──────── COLLECTED MATERIAL ────────

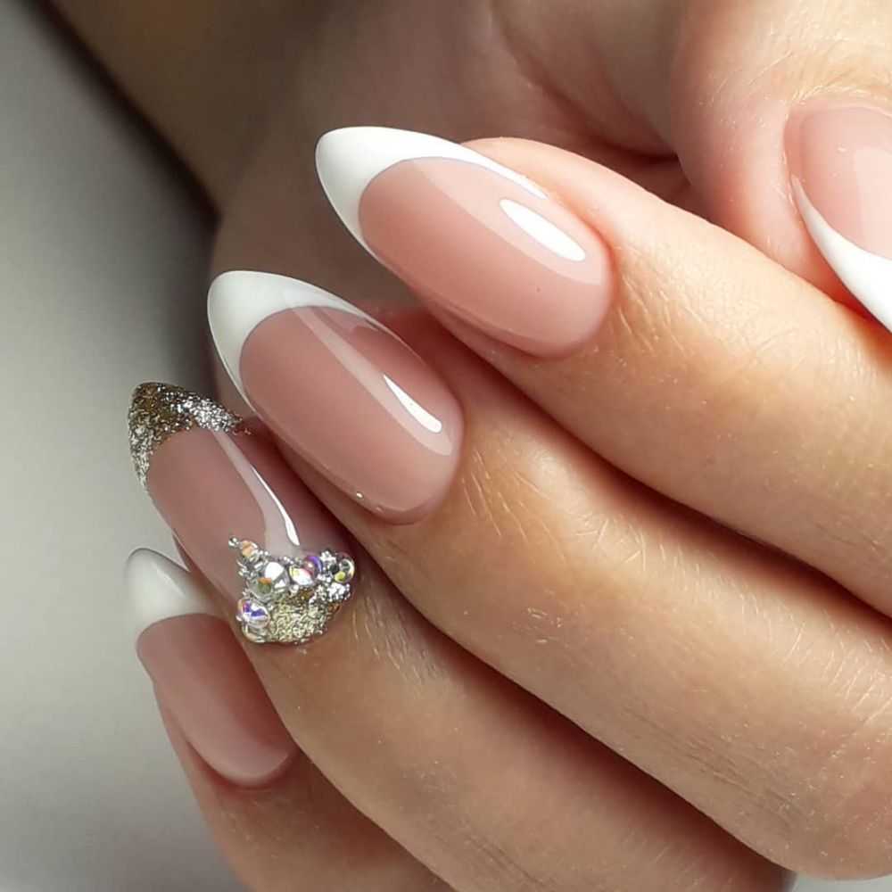 Востребованная форма ногтей для маникюр-2021 со стразами и блестками
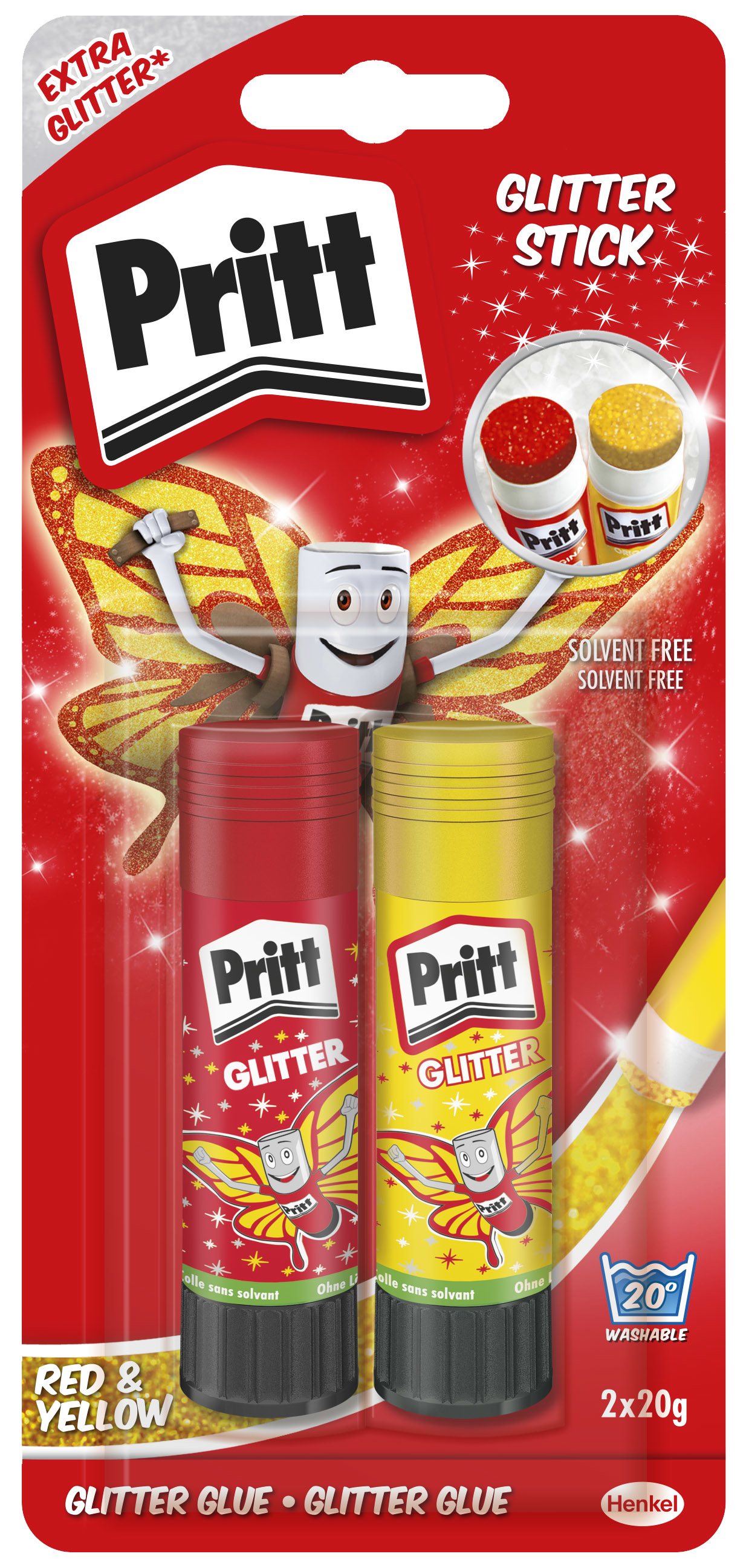 Le colle Pritt Glitter stick incollano e asciugano colorato. In rosso e giallo, donano un effetto scintillante dall’applicazione all’asciugatura. Con l’88% di ingredienti naturali*, la colla resistente è senza solventi e può essere lavata via a basse temperature: adatta e sicura per i bambini! Grazie alla formula a basso contenuto d’acqua, la colla stick bambini non crea increspature sulla carta – l’alleato perfetto per ogni tipo di lavoretto.
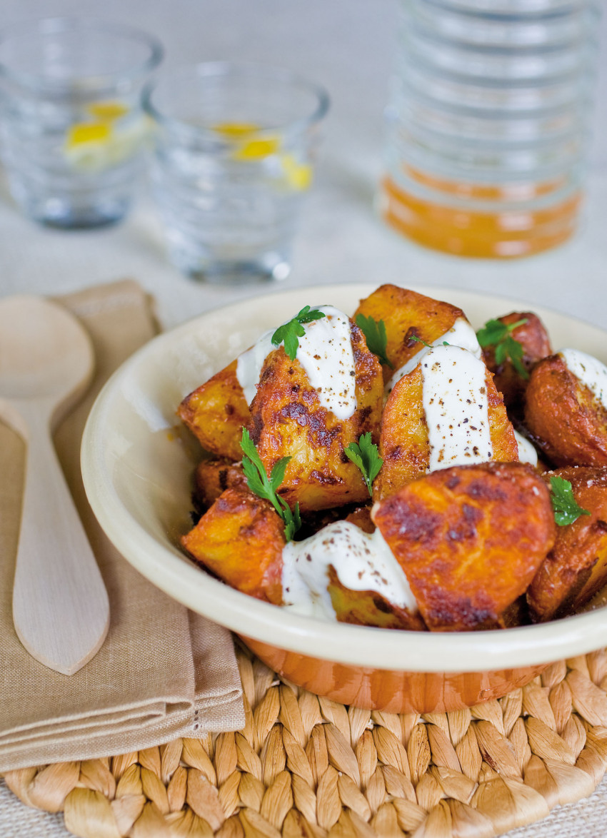 To serve: Place in a serving bowl, discarding any dark brown bits of yoghurt in the baking dish. Drizzle with yoghurt and flat-leaf parsley.
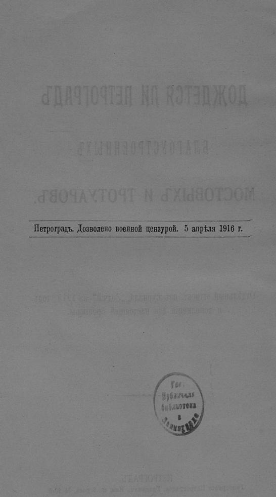 Перешедшие в общественное достояние материалы электронного фонда ЦГПБ им. В.В. Маяковского. Сведения о издательстве или типографии: тип. Пг. Градонач.. Место издания: Пг.

────────

#### [DIRECTIONS]
Give back an exact copy of only the lines from the one with "Le colle Pritt" through the final line of the material, both included. Pictures do not belong in it.

#### [TASK OUTPUT]
 Le colle Pritt Glitter stick incollano e asciugano colorato. In rosso e giallo, donano un effetto scintillante dall’applicazione all’asciugatura. Con l’88% di ingredienti naturali*, la colla resistente è senza solventi e può essere lavata via a basse temperature: adatta e sicura per i bambini! Grazie alla formula a basso contenuto d’acqua, la colla stick bambini non crea increspature sulla carta – l’alleato perfetto per ogni tipo di lavoretto.
 To serve: Place in a serving bowl, discarding any dark brown bits of yoghurt in the baking dish. Drizzle with yoghurt and flat-leaf parsley.
 Перешедшие в общественное достояние материалы электронного фонда ЦГПБ им. В.В. Маяковского. Сведения о издательстве или типографии: тип. Пг. Градонач.. Место издания: Пг.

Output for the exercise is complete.